I am working on some exercises for the Newton Algorithm and wanted to consult you all. For part c) I would like some help.
Just based on a graphical interpretation I would assume that $r$ just needs to be even because for odd $r$ the function is not convex on the entire domain, $x \in R$
Again for the global minima, I can show that the only stationary point occurs at $x=0$, and that the function is increasing on $[0, \infty)$ and on $(- \infty, 0]$ Is this sufficient?
I am a bit confused how to show the last part and would appreciate some hints. The newton algorithm has the form
$x^{k+1} = x^k + \alpha d_k$ where $d_k = \frac{\nabla f(x_k)}{||\nabla^2 f(x_k)||_2}$
Thanks for your help!
EDIT:
Thank you to the person who replied to me below. I have tried the following, compute derivative and second derivative and by analysing the second derivative, found that only for $r$ being even do we have that $f''(x) \geq 0, \forall x$.
For the stationary points I found the point where the derivative equals 0 which is $x* = 0$. Plugging this into the second derivative is useless so what I did is argue that for even $r$ we have a symmetric function whose derivative for $x>0$ is strictly increasing and so the point must be a global minima.
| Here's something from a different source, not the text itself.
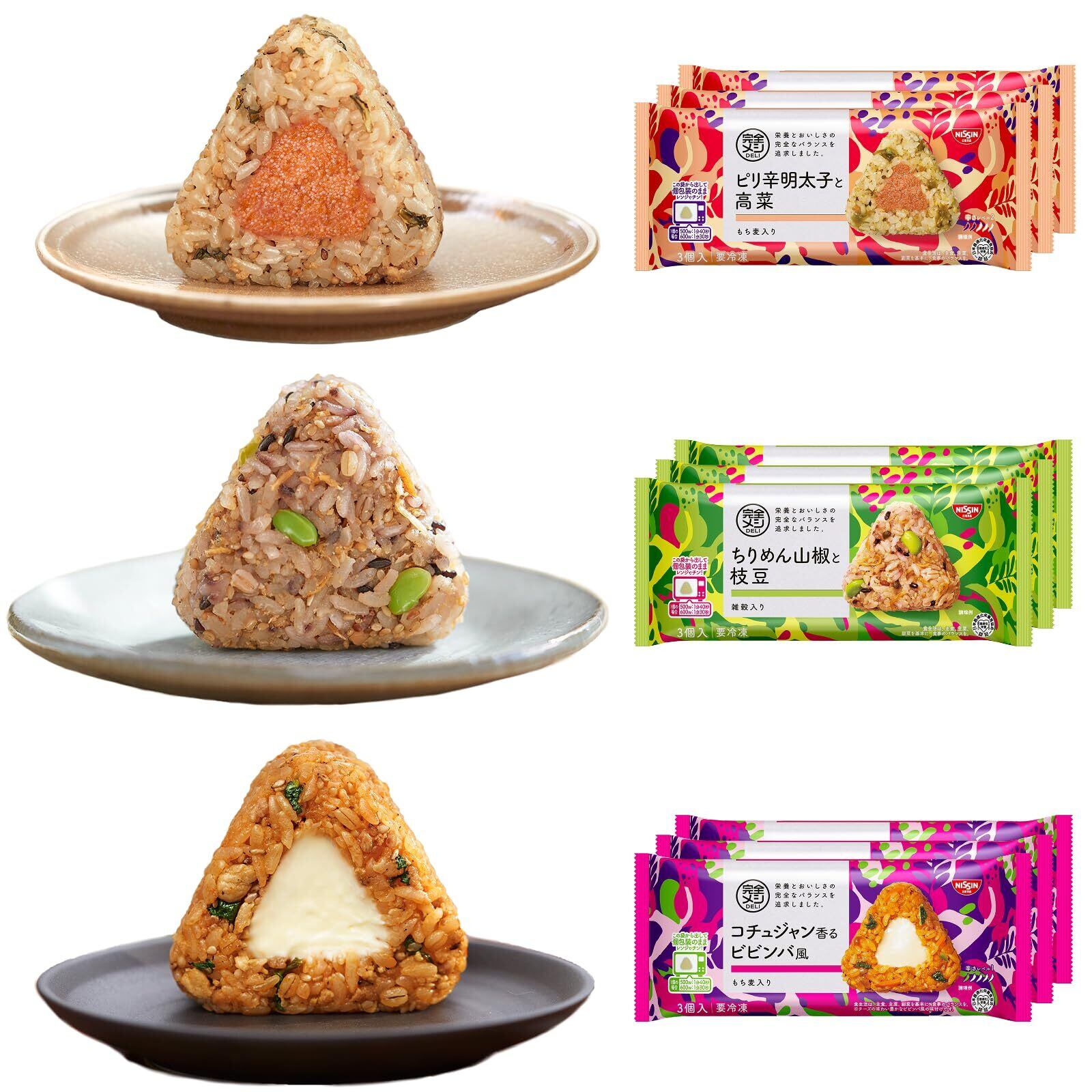 冷凍 完全メシ DELI 日清食品 おにぎり 冷凍おにぎり ピリ辛おにぎりセット ピリ辛明太子と高菜 ちりめん山椒と枝豆 コチュジャン香るビビンバ風 各3袋(3個入)×3種

For part c) using the optimal $x* = 0$, the newton method became $x_k - \frac{\alpha x^k}{r-1}$ which I substituted into the inequality and got $$| $x_k - \frac{\alpha x^k}{r-1}| \geq (1-\delta)|x_k|$$ which upon rearranging I found that $\delta \geq \frac{\alpha}{r-1}$
What do you think? Is this valid/rigorous enough?

We just need $r$ to be be positive even number. In particular, we can choose $r$ to be $2$ if you wish.
Indeed we have
$$|x^k-\alpha \cdot \frac{x^k}{r-1}| = |x^k| \left|1-\frac{\alpha}{r-1}\right|$$
We can pick $\delta$ to be $\frac{\alpha}{r-1}$, provided we pick $\alpha$ to be less than $r-1$.